Relationship between proportion and composition of albumins, and in vitro protein digestibility of raw and cooked pea seeds (Pisum sativum L.).

机构信息

Institute of Ecological Photochemistry, Hankyong National University, Anseong, Korea.

出版信息

J Sci Food Agric. 2010 Aug 15;90(10):1719-25. doi: 10.1002/jsfa.4007.

DOI:10.1002/jsfa.4007
PMID:20564440
Abstract

BACKGROUND

Peas provide an excellent plant protein resource for human diets, but their proteins are less readily digestible than animal proteins. To identify the relationship between composition and in vitro digestibility of pea protein, eight pea varieties with a wide range of protein content (157.3-272.7 g kg(-1)) were determined for the proportion of albumins and globulins, their compositions using sodium dodecyl sulfate-polyacrylamide gel electrophoresis, and in vitro protein digestibility (IVPD) before and after heat treatment using a multi-enzyme (trypsin, chymotrypsin and peptidase) method.

RESULTS

The proportion of albumins based on total seed protein content decreased from 229 to 147 g kg(-1) as seed protein content increased from 157.3 to 272.7 g kg(-1), while the proportion of globulins increased from 483 to 590 g kg(-1).

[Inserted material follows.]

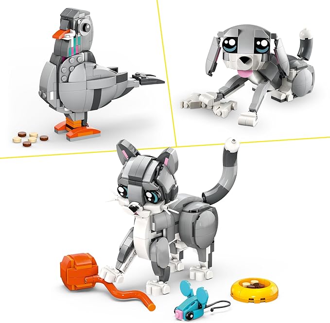 O modelo principal apresenta um Gato Brincalhão altamente articulável, capaz de mover a cabeça, orelhas, patas e cauda para sentar, ficar de pé ou simular um bote real. Para tornar a brincadeira completa, ele vem acompanhado de acessórios essenciais: uma tigela de comida, um ratinho de brinquedo e um novelo de lã. Quando chegar a hora de mudar, as peças se transformam em um Cachorro alegre com seu osso favorito ou em um Pombo curioso que adora bicar migalhas de pão.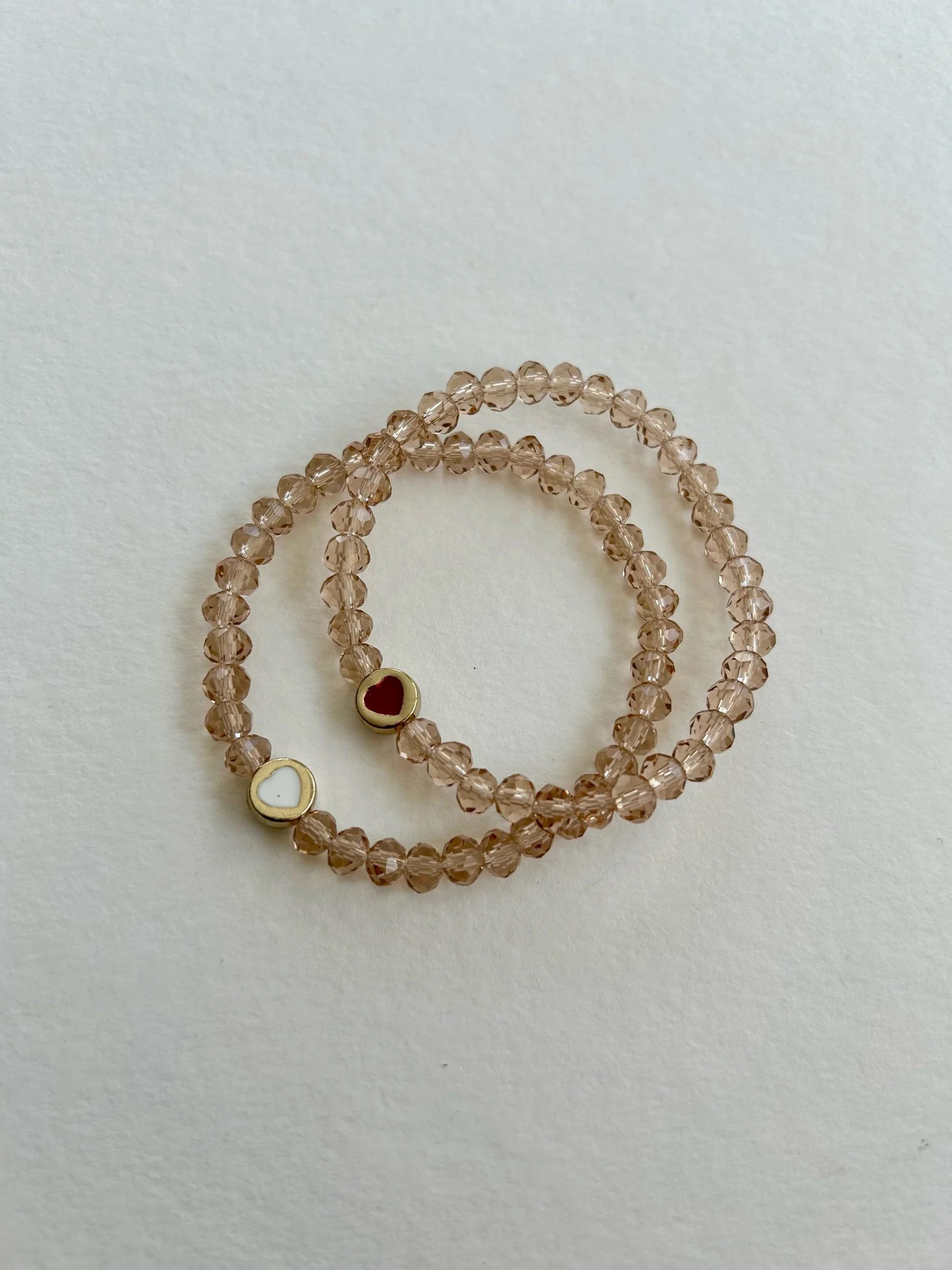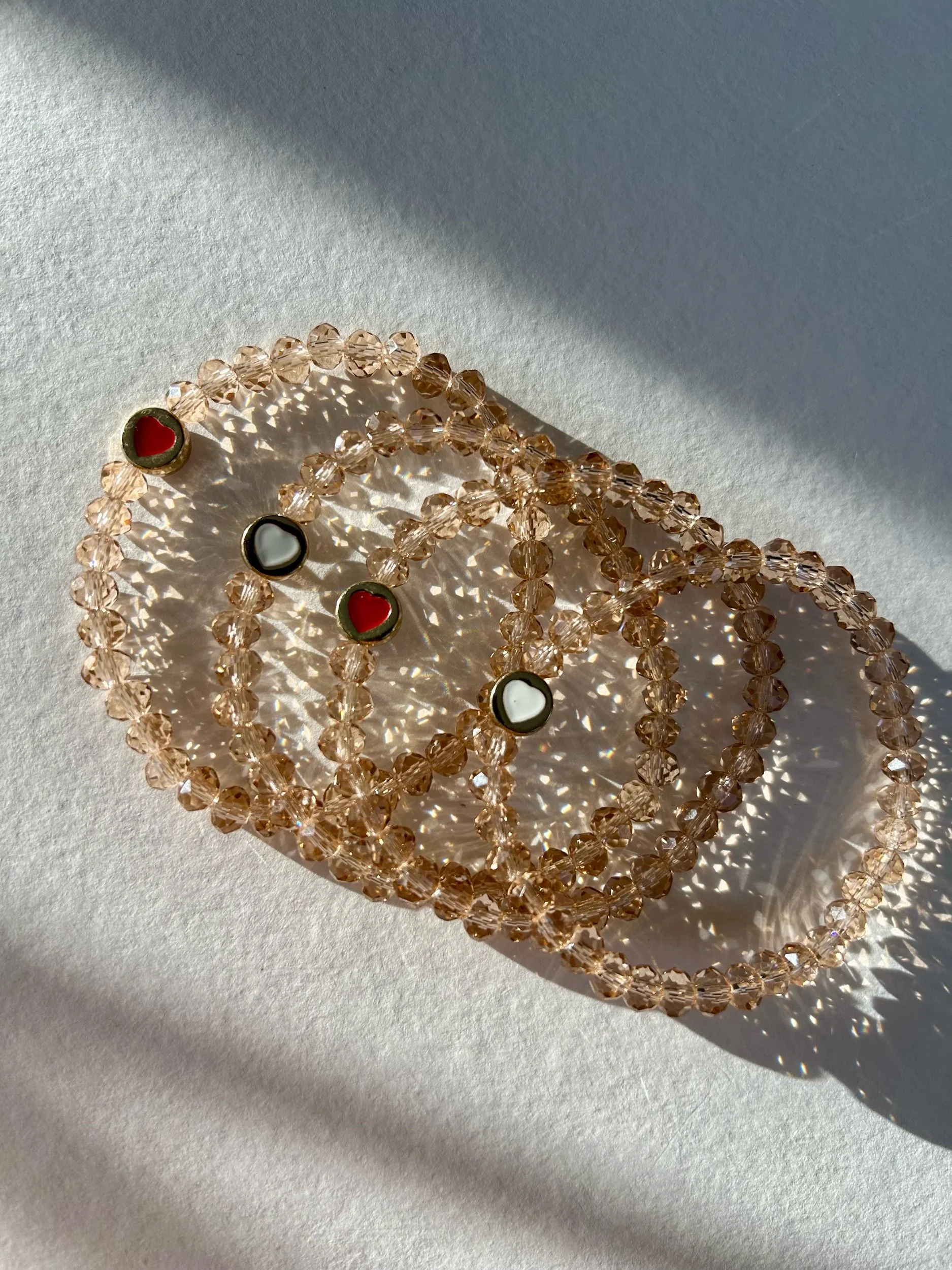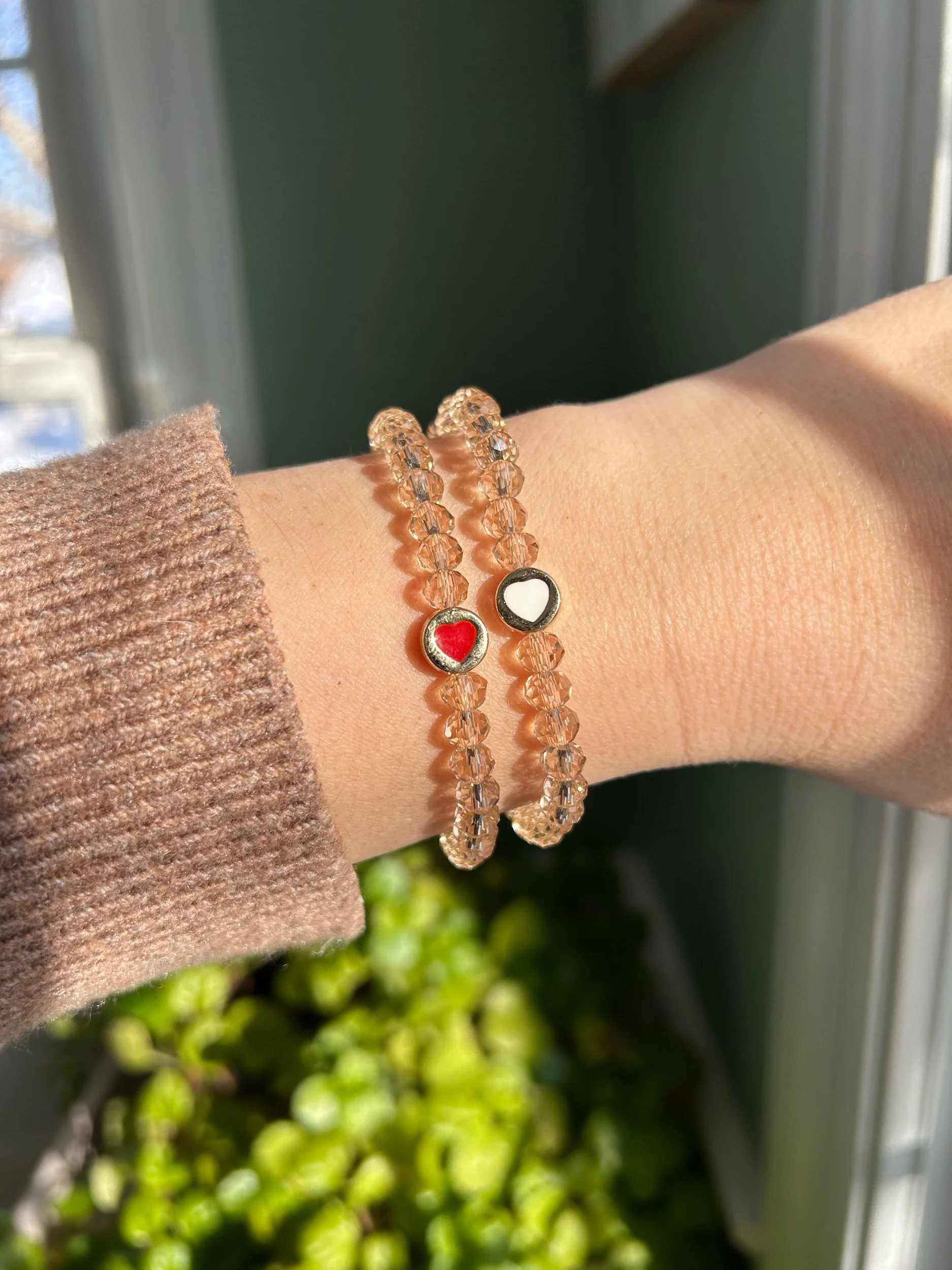 This bracelet is made with sparkly faceted champagne crystal glass and features your choice of a white or red heart accent. Each is approximately 7” and made on clear and durable stretch cord.

The IVPDs of eight raw pea seeds were 79.9-83.5%, with significant varietal variations, and those were improved to 85.9-86.8% by cooking. Albumins, including (pea albumins 2) PA2, trypsin inhibitor, lectin and lipoxygenase, were identified as proteolytic resistant proteins. Globulins were mostly digested by protease treatment after heating.

CONCLUSION

The quantitative ratio of albumins and globulins, and the quantitative variations of albumin protein components, including lipoxygenase, PA2, lectins and trypsin inhibitors, appear to influence the protein digestibility of both raw and cooked pea seeds.

摘要

背景

豌豆为人类饮食提供了极好的植物蛋白资源,但它们的蛋白质不如动物蛋白易消化。为了确定豌豆蛋白的组成与体外消化率之间的关系,对 8 个蛋白质含量(157.3-272.7 g kg(-1))范围较宽的豌豆品种的白蛋白和球蛋白的比例、使用十二烷基硫酸钠-聚丙烯酰胺凝胶电泳的组成以及热处理前后的体外蛋白质消化率(IVPD)进行了测定,采用多酶(胰蛋白酶、糜蛋白酶和肽酶)法。

结果

随着种子蛋白质含量从 157.3 克/千克增加到 272.7 克/千克,基于总种子蛋白质含量的白蛋白比例从 229 克/千克下降到 147 克/千克,而球蛋白的比例从 483 克/千克增加到 590 克/千克。8 个生豌豆种子的 IVPD 为 79.9-83.5%,品种间存在显著差异,经烹饪后提高到 85.9-86.8%。白蛋白,包括(豌豆白蛋白 2)PA2、胰蛋白酶抑制剂、凝集素和脂氧合酶,被鉴定为抗蛋白水解的蛋白质。球蛋白在加热后经蛋白酶处理大部分被消化。

结论

白蛋白和球蛋白的定量比例以及包括脂氧合酶、PA2、凝集素和胰蛋白酶抑制剂在内的白蛋白蛋白成分的定量变化,似乎影响了生豌豆和熟豌豆种子的蛋白质消化率。